The doctor was explaining her blood results, but she wasn’t making eye contact, again. She sat folded up in her seat, looking quite intently at…nothing. The doctor stopped talking and she furrowed her brows. Ah, maybe she had been listening after all. We haven’t lost her yet.
“Kristina!” She looked at me, but her eyes kept shifting back to the empty space.
“I’m sorry. What?” She looked confused, and like she was trying to hear someone over loud party music.
“What do you hear right now?” I asked slowly.
She tensed. She denied animatedly about hearing voices or seeing people, but the evidence was there. She glanced back at the empty space once again, and stood up as if she had made a decision. “I only hear you, of course. Look. If there’s something wrong with my blood, give me a pill.” Her face was blank and her voice flat as she said this, and the doctor took notes. Suddenly she tensed and closed her eyes tight as if she were scared of something. She returned to her previous state in a second, though she was grinding her teeth now and her fists were clenched.
“Kristina…what do you hear?” I said, at the same time the doctor said “You don’t need pills, you need food.”

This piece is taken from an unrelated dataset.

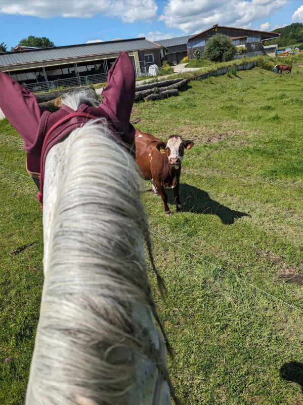 6,3km en 1h15, que au pas comme prévu SAUF les quelques micro foulées que Zaïro m'a volé, il est pas possible lol et le piaffer en passant devant des chevaux au pré

She glanced quickly at the two of us, then suddenly covered her ears and shut her eyes as her breathing became more labored. I stood and stepped toward her as she turned and ran out of the room, kicking and shaking the locked hospital door in the hallway. I reached her in a matter of seconds, as it was right outside the office. She turned again, her thin frame shaking violently as she ran quickly and gracefully out of mine and the other doctors’ reaches down to the other end of the hallway, where there was another locked door.
I held up a hand to the other doctors and walked calmly down the length of the hallway. Kristina spent a minute or so shaking and abusing the door with her hundred pound body as well as she could, then shot back as if she had been attacked. Her hands were over her ears again, before she collapsed down onto her knees and covered her mouth, with her other hand gripping her left arm. It first looked like she was grieving, but I quickly realized she was holding back a scream. She was in pain.
I ran to her as she bent over, tears finally falling down her emotionless face. I slid onto my knees in front of her and grabbed her shoulders. “What hurts?” We wanted her to show emotion, yes, but not physical pain. Even when she was in pain—for we had stuck her with so many needles and she had broken a bone or two because of her early onset osteoporosis—she never showed it. Something was horribly wrong.
“Now is not the time for the silent treatment, Kristina. What hurts?” She uncovered her mouth and gave out a high pitched cry, before opening her eyes wide and gasping. I looked down and saw her clutch her chest. She started falling over to her side, but I caught her and held her steady.
“She’s having a heart attack! Get the ER down here Now!” I took her pulse as her face calmed a little.
“Monica,” She choked out, “I won’t die yet. I’m not thin enough to die.”
I was about to disagree with her when she passed out, and her hand went limp as the ER team came running into the psych ward with their stretcher, for the fifth time that week.